12 Le lendemain de la victoire, ce même texte devint programme de gouvernement, par la grâce du discours d’investiture du nouveau Premier ministre. Or, à la surprise de la plupart des commentateurs (on n’en était plus à une près), ce programme fut appliqué de façon (assez) scrupuleuse, durant une bonne moitié de la législature. Mais, là où l’étonnement tourna à la stupéfaction chez certains, il s’avéra que l’application de ce programme, de surcroît, donna de bons résultats, économiques et politiques. Dès l’arrivée du nouveau gouvernement, la reprise de la conjoncture économique internationale et nationale constitue certes un sérieux appui, mais on ne peut nier les mérites propres de la nouvelle politique suivie, notamment sous l’impulsion de Dominique Strauss-Kahn. Pour ne pas trop entrer dans des détails nécessairement techniques, nous nous contenterons de trois rappels, ayant une forte tonalité politique :

  • en premier lieu, l’obligation faite à tous les pays signataires des traités européens de ne pas dépasser un pourcentage de déficit public de 3 %, par rapport au PIB, au 31 décembre 1997, pour adopter la monnaie unique et être membre de la nouvelle zone euro, était respectée. Or, celle-ci avait jeté l’équipe Chirac-Juppé dans sa dissolution « à la gribouille » de l’Assemblée nationale, suivant, il est vrai les mauvais conseils des services du ministère des Finances, qui jugeaient cet objectif impossible à atteindre, sans une sévère ponction fiscale supplémentaire. Pourtant, il suffit, au mois de juillet, d’un impôt sur les grandes entreprises, habilement présenté comme la contribution patronale à la mise en place de la nouvelle monnaie, pour atteindre l’objectif ;
  • même les vicissitudes de l’année 1998, caractérisée par la crise financière des pays émergents, russes et asiatiques, ne troublent pas l’embellie. Avec un sang-froid remarquable, Dominique Strauss-Kahn en minimise les effets négatifs, l’analysant comme un simple « trou d’air » et s’opposant à tous ceux, surtout à droite et dans le patronat, qui réclament la remise en cause de la politique suivie. De fait, le freinage de l’activité ne dure que quelques mois, et se trouve rapidement gommé ;
  • la France affiche désormais, en matière de croissance et d’emploi, des performances supérieures à celles de ses voisins européens, alors qu’elles avaient été systématiquement moins bonnes les années précédentes, et cette course en tête se confirmera durant toute l’embellie. En particulier, le taux de chômage qui culminait, en juin 1997, au taux historique de 12,6 % de la population active commence à baisser au rythme inespéré d’environ 1 % par an pour descendre à 8,6 %, quatre ans plus tard, en juin 2001.
Pour mieux apprécier la performance, on rappellera que les experts, internationaux et nationaux, annonçaient, lors de la formation du gouvernement Jospin, que le taux de chômage « structurel » de la France (c’est-à-dire celui au-dessous duquel il y aurait un dérapage des salaires et des prix) se situait entre 10 et 11 %. Pourtant, malgré quatre années d’une croissance effective supérieure à la croissance potentielle (il est vrai que, malgré les travaux de la Banque de France, son calcul demeure largement arbitraire), ni les salaires, ni les prix ne dérapèrent. De plus, le commerce extérieur resta obstinément excédentaire ; sans parler de l’investissement, en réelle accélération ! Quant aux finances publiques, elles devinrent, grâce aux recettes fiscales supplémentaires, même trop bonnes, comme devait le montrer la suite de cette histoire !

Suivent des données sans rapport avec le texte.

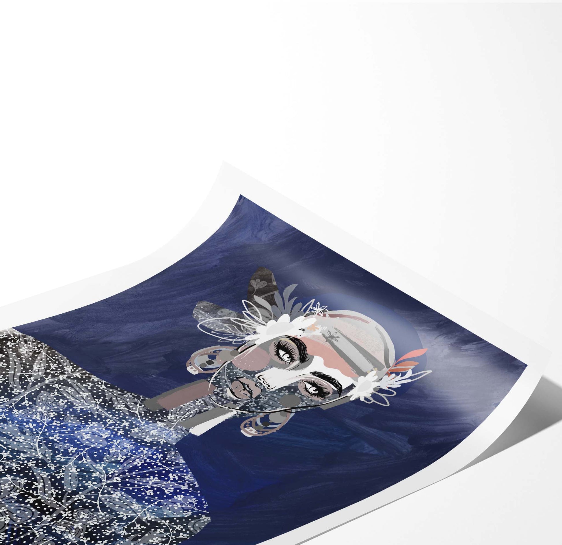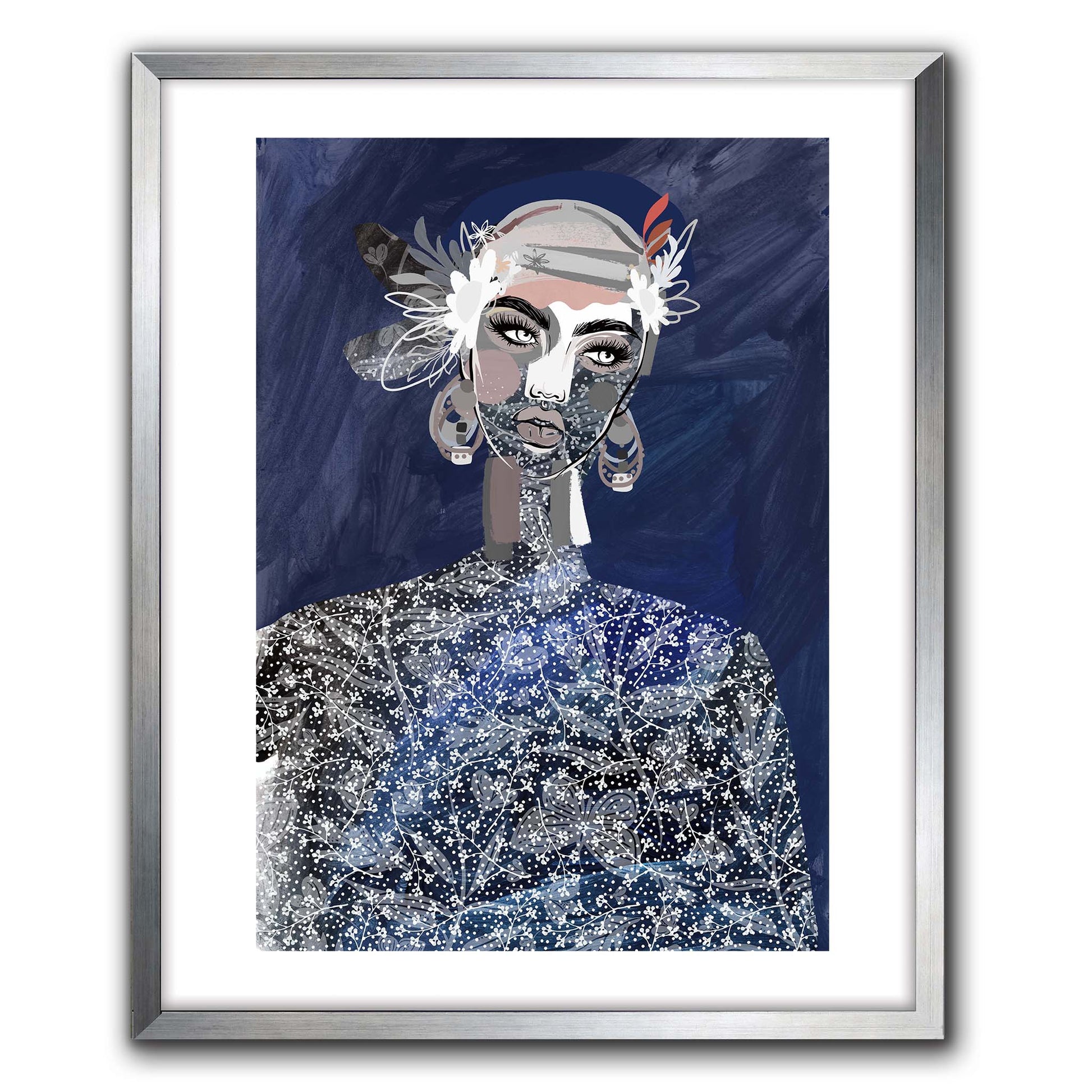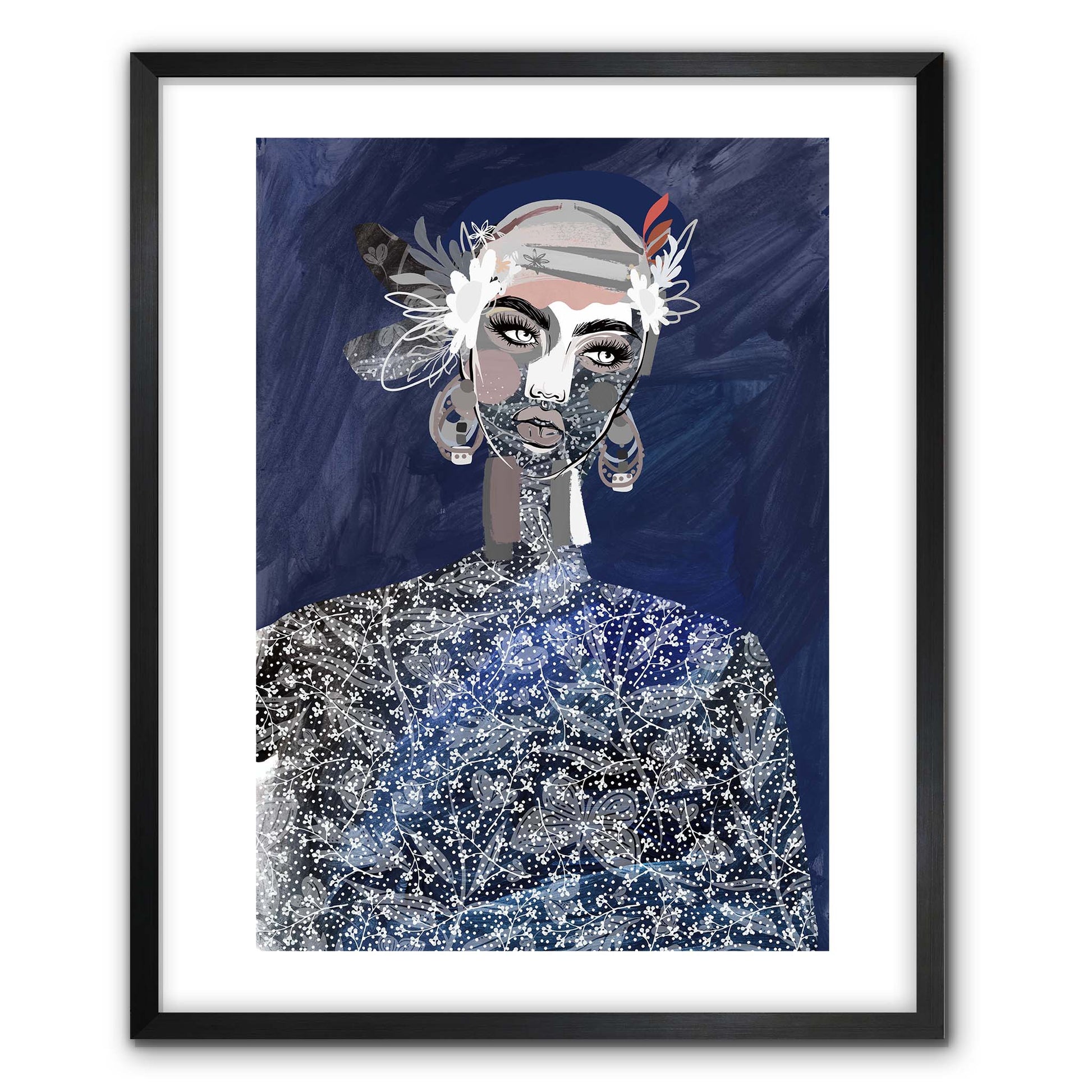 Dreamlike and naive state, Aije contemplates wistfully in deep azure and indigo tones. Adorned with textural jewels, layered accessories and intricate dress, her mood relaxed and peaceful.
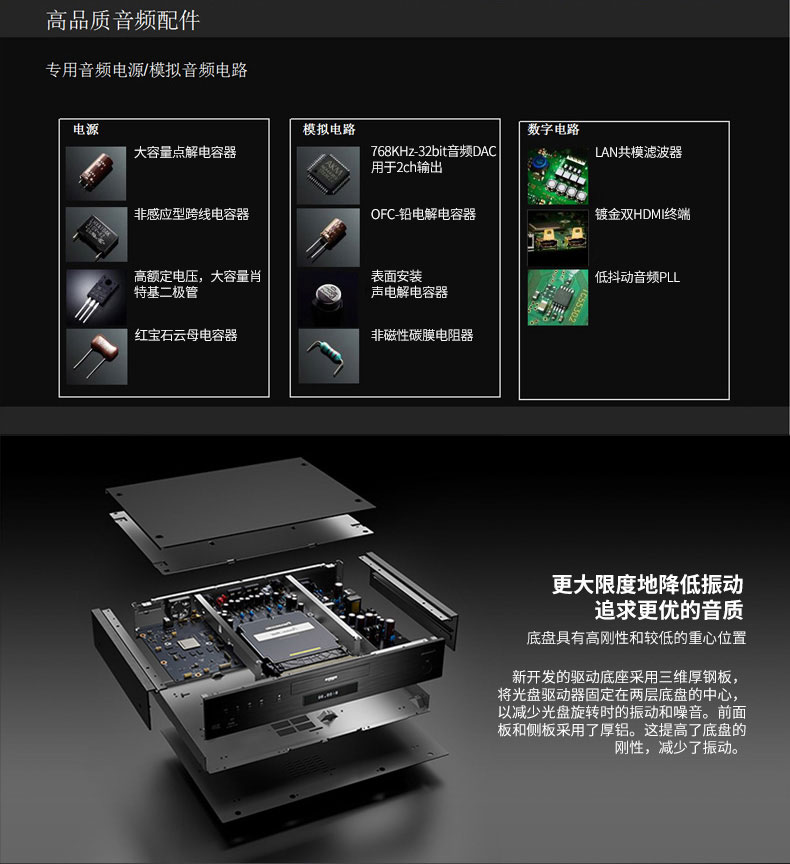 前面板和侧面板采用厚铝板设计 有效减少光盘旋转、蓝光机运行中的震动和噪音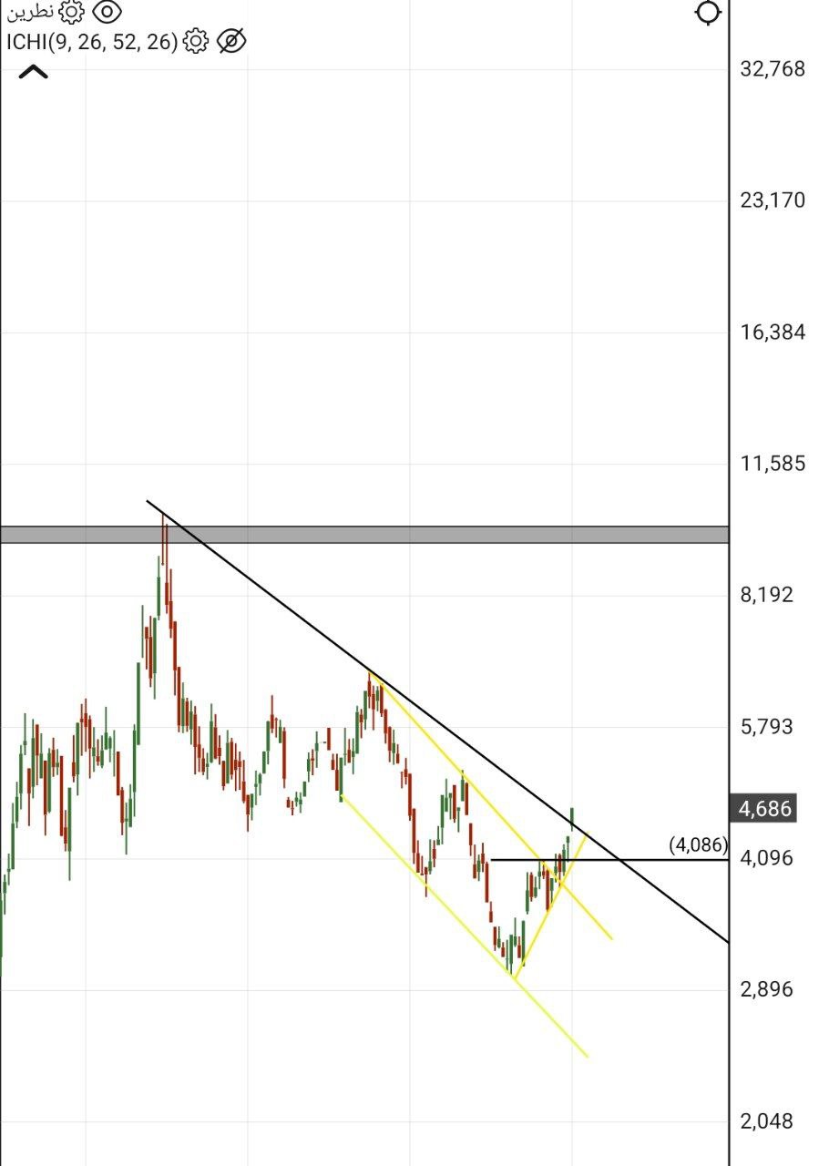 با سلام شکست خط روند نزولی بلند مدت همچنین مقاومت استاتیک و پولبک در صورت دیدن الگوی کندلی اقدام به خرید کنید سبدتون همیشه سبز💰💰🌹

13 Après ces débuts macroéconomiques inespérés, on ne s’étonnera pas que la gauche prolonge son « état de grâce » politique. Au bout de neuf mois de gouvernement, le pourcentage de mécontents atteint 32 %, un chiffre qui contraste avec les 59 % du gouvernement Cresson, en mars 1992, au moment des élections régionales précédentes, ou les 61 % du gouvernement Raffarin, lors des dernières régionales, en mars 2004. C’est donc très logiquement que le gouvernement Jospin gagne les élections intermédiaires, en mars 1998, remportant six régions, dont quatre nouvellement conquises sur la droite. Et la conjoncture économique et politique restant au beau fixe, les élections européennes de juin 1999 donnent, sans surprise, un résultat remarquable, non seulement à la liste conduite par François Hollande, mais aux Verts, emmenés par Daniel Cohn-Bendit.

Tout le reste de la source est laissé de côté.